[[ Records to use, beginning ]]
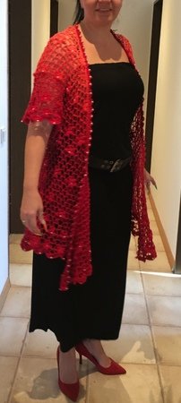 Es kann mit langem, kurzem oder ohne Zipfel gehäkelt werden. Auch die Länge gestaltest du dir nach deinen Vorstellungen. Das regenbogenfarbene Modell hat einen kurzen Zipfel, das rote Modell einen langen und das blaue gar keinen. Ich gebe dir hierzu verschiedene Möglichkeiten. Die Jacke wird in einem Stück von oben nach unten gehäkelt. Die Perlen werden gleich mit eingehäkelt.
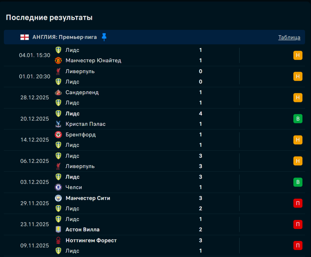 Последние игры Лидс
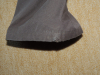 Eine Hose hat am Beinabschluss ein einseitiges kleines Loch.
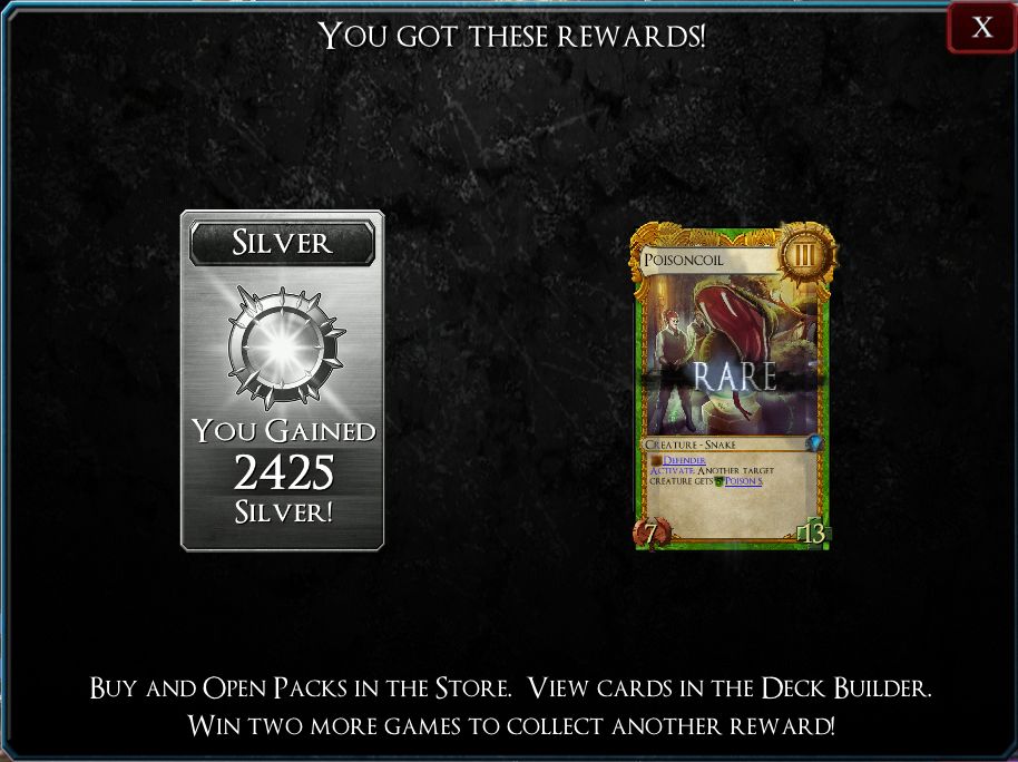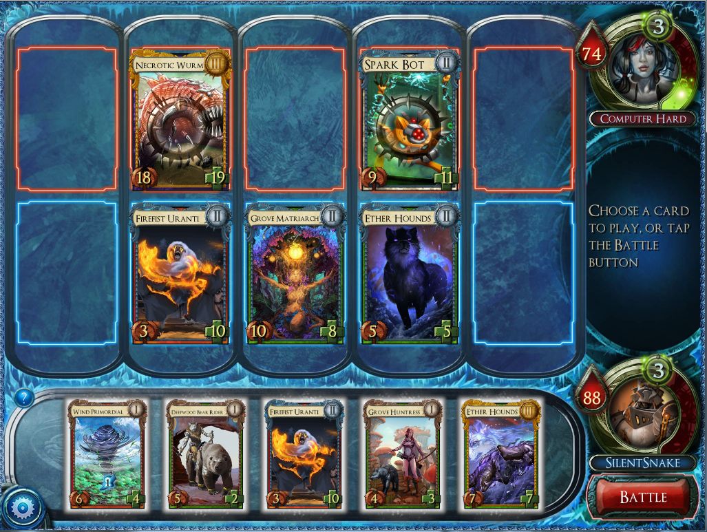 The influence of Magic is certainly felt once you dig into the game. Players start at one hundred life and must reduce their opponent's total to zero using a combination of Creatures and Spells. But don't mistake it for being a derivative work, as its differences manage to create an experience all its own. You cannot simply play Creatures and declare attackers and blockers here. Instead, each side of the battlefield holds five slots where Creature cards can be played. Both players' forces must attack each turn except for the ones that just came into the battlefield this turn. If a Creature is unimpeded by an opposing one opposite it, damage equal to its Attack is dealt to the opponent. Otherwise, they trade damage. This dynamic makes positioning matter, especially given you can't move creatures once you've placed them unless they have an ability called Mobility. Some Creatures also grant buffs and other special abilities to adjacent friendly Creatures, or get additional powers when placed in a certain lane. Giving the battlefield a spacial element opens up new dimensions of tactical strategy within a familiar shell.
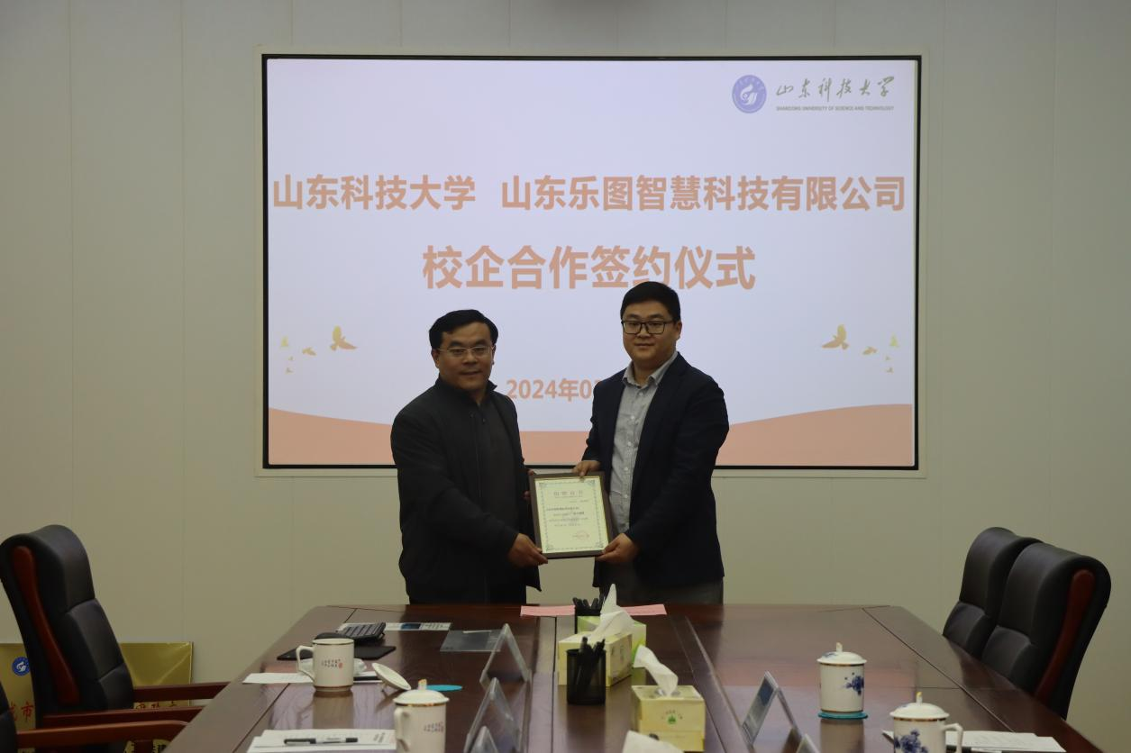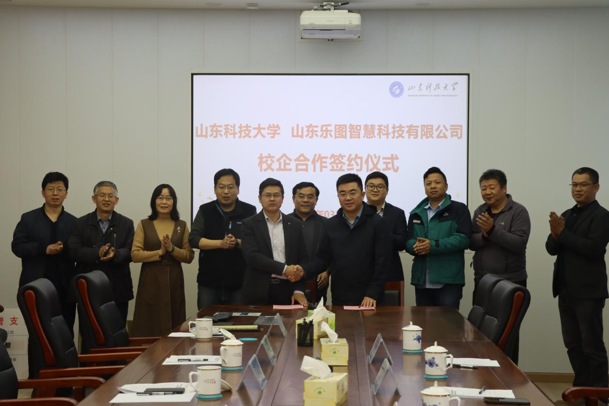与山东乐图智慧科技有限公司合作和创新教育基金捐赠签约仪式在J6-463会议室举行。山东乐图智慧科技有限公司董事长陈绪军、总经理陈续哲及部分公司高管、学校合作发展处副处长王荣超、禁闻网
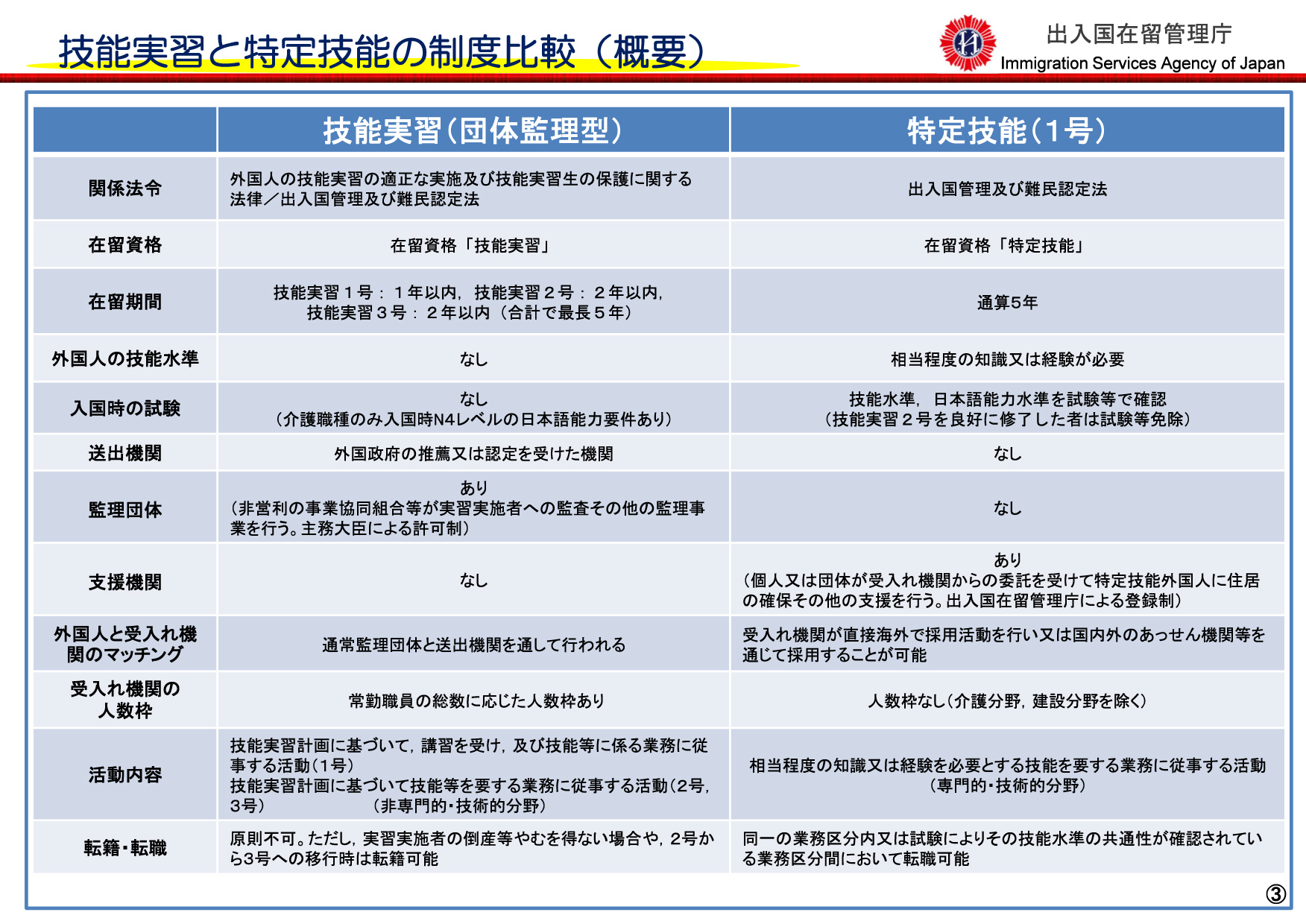 | 技能水準 | 試験等で確認(技能実習2号修了者は試験等免除) |
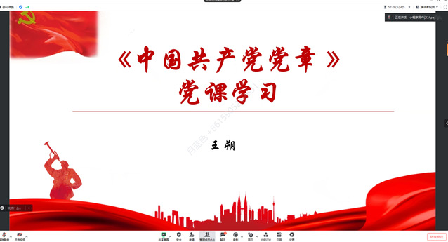 为扎实开展学习贯彻习近平新时代中国特色社会主义思想主题教育,引导党员全面理解党的纲领,牢记入党誓词,牢记党的宗旨,牢记党员义务和权利,督促每位党员进一步尊崇党章、遵守党章、维护党章。2023年10月13日,公司党支部召开专题党课学习,再次学习《中国共产党章程》。会议由党支部书记王朔组织,所有党员同志通过线上集中学习形式参加了此次学习会议。
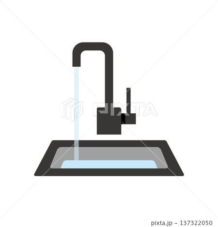 モダン黒蛇口の水が流れるシンクフラットイラスト
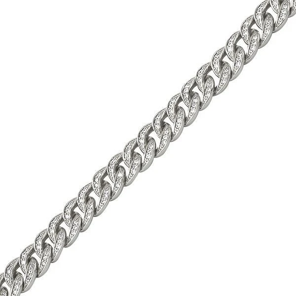.925 Silver 8MM Rhodium Bling Bling CZ Cuban Links Bracelet.  Real .925 Sterling Silver used to craft this classic Cuban Link Iced Out Bracelet. Each VVS CZ is hand set with prongs to have the same bling bling look and feel like genuine diamonds for a fraction of the cost. Â
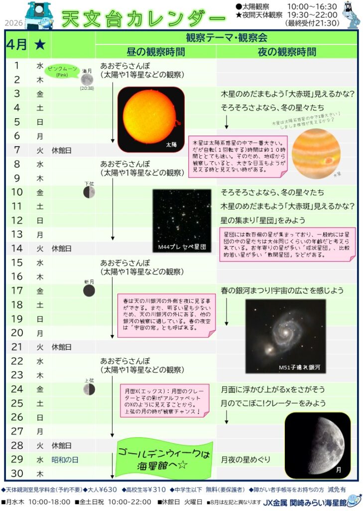 4月 天体観察スケジュール
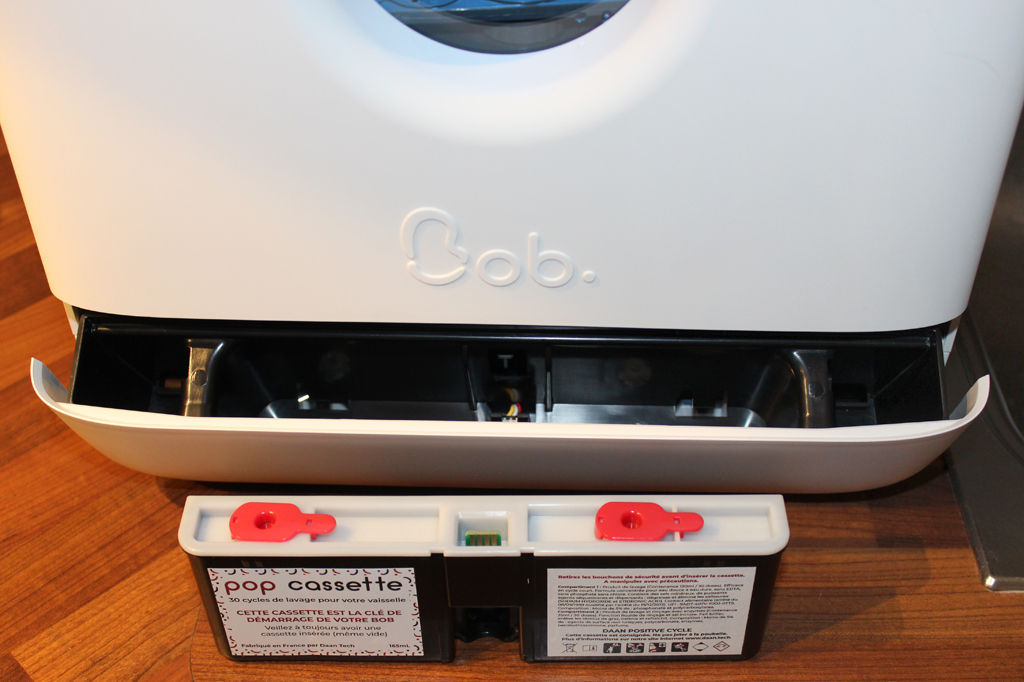 Meiner Meinung nach ist die Einrichtung des WLAN für Anwender, die technisch nicht sehr versiert sind, ziemlich umständlich. Einfacher wäre es, wenn das Gerät über ein App und Bluetooth verwaltet werden könnte und die Verbindung zum WLAN über die App erfolgen würde. So könnten auch die weiteren Funktionen (mehr dazu im nächsten Abschnitt) einfacher zugänglich gemacht werden, ohne sich jedes Mal auf der Webseite einloggen zu müssen. Zuletzt muss noch die „pop cassette“ eingebaut werden. Darin befinden sich Spülmittel, Klarspüler und Salz für 30 Waschgänge. Dazu kann unten ein Fach aufgeklappt werden, in das die cassette einfach hineingesteckt wird.
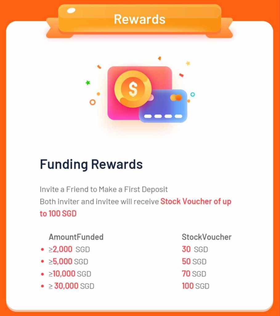 You’ll receive up to S$100 when you make a first deposit into your account of $30,000 or more. Bonus: You don’t have to actually invest all your funds to qualify for the stock voucher. More details below!
[[ Records to use, end ]]
_Assigned task_.
Without including any picture, print every record exactly as written above.

_Solution to this problem_.
 Es kann mit langem, kurzem oder ohne Zipfel gehäkelt werden. Auch die Länge gestaltest du dir nach deinen Vorstellungen. Das regenbogenfarbene Modell hat einen kurzen Zipfel, das rote Modell einen langen und das blaue gar keinen. Ich gebe dir hierzu verschiedene Möglichkeiten. Die Jacke wird in einem Stück von oben nach unten gehäkelt. Die Perlen werden gleich mit eingehäkelt.
 Последние игры Лидс
 Eine Hose hat am Beinabschluss ein einseitiges kleines Loch.
 The influence of Magic is certainly felt once you dig into the game. Players start at one hundred life and must reduce their opponent's total to zero using a combination of Creatures and Spells. But don't mistake it for being a derivative work, as its differences manage to create an experience all its own. You cannot simply play Creatures and declare attackers and blockers here. Instead, each side of the battlefield holds five slots where Creature cards can be played. Both players' forces must attack each turn except for the ones that just came into the battlefield this turn. If a Creature is unimpeded by an opposing one opposite it, damage equal to its Attack is dealt to the opponent. Otherwise, they trade damage. This dynamic makes positioning matter, especially given you can't move creatures once you've placed them unless they have an ability called Mobility. Some Creatures also grant buffs and other special abilities to adjacent friendly Creatures, or get additional powers when placed in a certain lane. Giving the battlefield a spacial element opens up new dimensions of tactical strategy within a familiar shell.
与山东乐图智慧科技有限公司合作和创新教育基金捐赠签约仪式在J6-463会议室举行。山东乐图智慧科技有限公司董事长陈绪军、总经理陈续哲及部分公司高管、学校合作发展处副处长王荣超、禁闻网
 | 技能水準 | 試験等で確認(技能実習2号修了者は試験等免除) |
 为扎实开展学习贯彻习近平新时代中国特色社会主义思想主题教育,引导党员全面理解党的纲领,牢记入党誓词,牢记党的宗旨,牢记党员义务和权利,督促每位党员进一步尊崇党章、遵守党章、维护党章。2023年10月13日,公司党支部召开专题党课学习,再次学习《中国共产党章程》。会议由党支部书记王朔组织,所有党员同志通过线上集中学习形式参加了此次学习会议。
 モダン黒蛇口の水が流れるシンクフラットイラスト
.925 Silver 8MM Rhodium Bling Bling CZ Cuban Links Bracelet.  Real .925 Sterling Silver used to craft this classic Cuban Link Iced Out Bracelet. Each VVS CZ is hand set with prongs to have the same bling bling look and feel like genuine diamonds for a fraction of the cost. Â
 4月 天体観察スケジュール
 Meiner Meinung nach ist die Einrichtung des WLAN für Anwender, die technisch nicht sehr versiert sind, ziemlich umständlich. Einfacher wäre es, wenn das Gerät über ein App und Bluetooth verwaltet werden könnte und die Verbindung zum WLAN über die App erfolgen würde. So könnten auch die weiteren Funktionen (mehr dazu im nächsten Abschnitt) einfacher zugänglich gemacht werden, ohne sich jedes Mal auf der Webseite einloggen zu müssen. Zuletzt muss noch die „pop cassette“ eingebaut werden. Darin befinden sich Spülmittel, Klarspüler und Salz für 30 Waschgänge. Dazu kann unten ein Fach aufgeklappt werden, in das die cassette einfach hineingesteckt wird.
 You’ll receive up to S$100 when you make a first deposit into your account of $30,000 or more. Bonus: You don’t have to actually invest all your funds to qualify for the stock voucher. More details below!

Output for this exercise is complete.